Sing it, Nick. Expiration dates are such a crock. All they do in 95%+ of the cases is force medical providers to throw out perfectly good medications. So now, because of some perceived emergency due to shortages on a decades-old drug, the FDA waves its magic wand and *POOF* one subset of a specific drug suddenly has a longer shelf life. Can that be applied to the epinephrine in crash carts as well? Nope. Or how about future EpiPens once this manufactured “shortage” has resolved? Or *gasp* could the FDA extend the shelf lives of other drugs as well? Of course not. You want to solve this whole drug shortage and expiration date farce quickly and easily? Make two laws: Any drug that experiences a shortage in more than 5% of the market immediately and irrevocably loses its patent and can be mass-produced by any entity. Second, if any medication expires and is returned to the drug manufacturer, it must be replaced by the drug manufacturer with an equal amount of unexpired medication at no cost.

Paul DeKoning, MD, MS

What’s even worse is when you look at what the actual remaining shelf-life is of pharmacy-stocked EpiPens. A couple of my residents did just that by surveying pharmacies across the country. Virtually none had the full shelf-life remaining; some only a couple months before they expire, if that’s even a thing. No wonder patients are ticked—crazy expensive drug that docs tell them they need to have in their glove box, with the school nurse, under the pillow, in their purse/backpack/man-satchel and buried in the back yard. But don’t worry, it may only have two months left before it expires and they’ll ‘need’ to buy replacements.

Tyler Armstrong, MD

Expiration dates are honestly just built in job security for the FDA and pharmaceutical companies. If they were actually needed we’d have evidence supporting the practice.  Instead, what you have is a perpetual cycling of medications that not only forces the consumer/hospitals to continue to purchase the product but also keeps FDA employees busy.
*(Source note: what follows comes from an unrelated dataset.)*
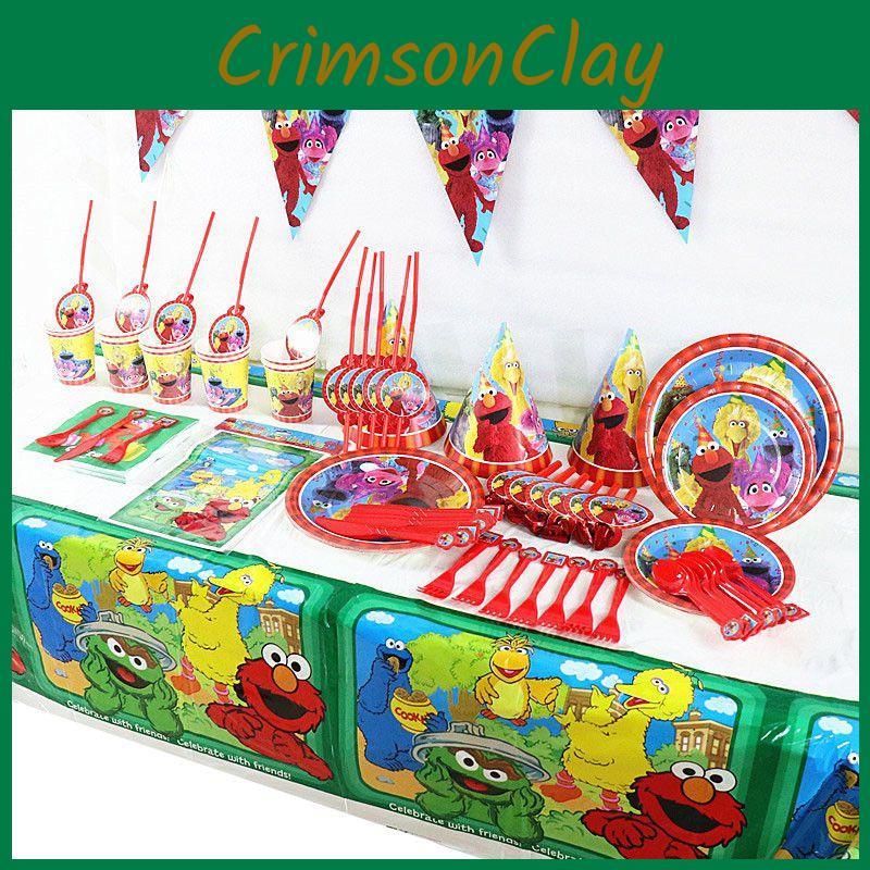Feestartikelen voor een verjaardag met Sesamstraat-thema voor kinderen

It’s yet another tool in the arsenal of big pharm to line their pocketbooks and support exorbitant pricing.. which although likely stems from greed, some could argue is a byproduct of the US consumer subsidizing medication research for the rest of the world (ever wonder why the same drug in Canada is so much cheaper than in the US and more importantly the consequences if that were to change?).

1 Comment

  1. I think people Googling their symptoms can be fine and even helpful, as long as they can be rational about it, and are willing to set aside their “Google PhD” and listen to what the doctor says.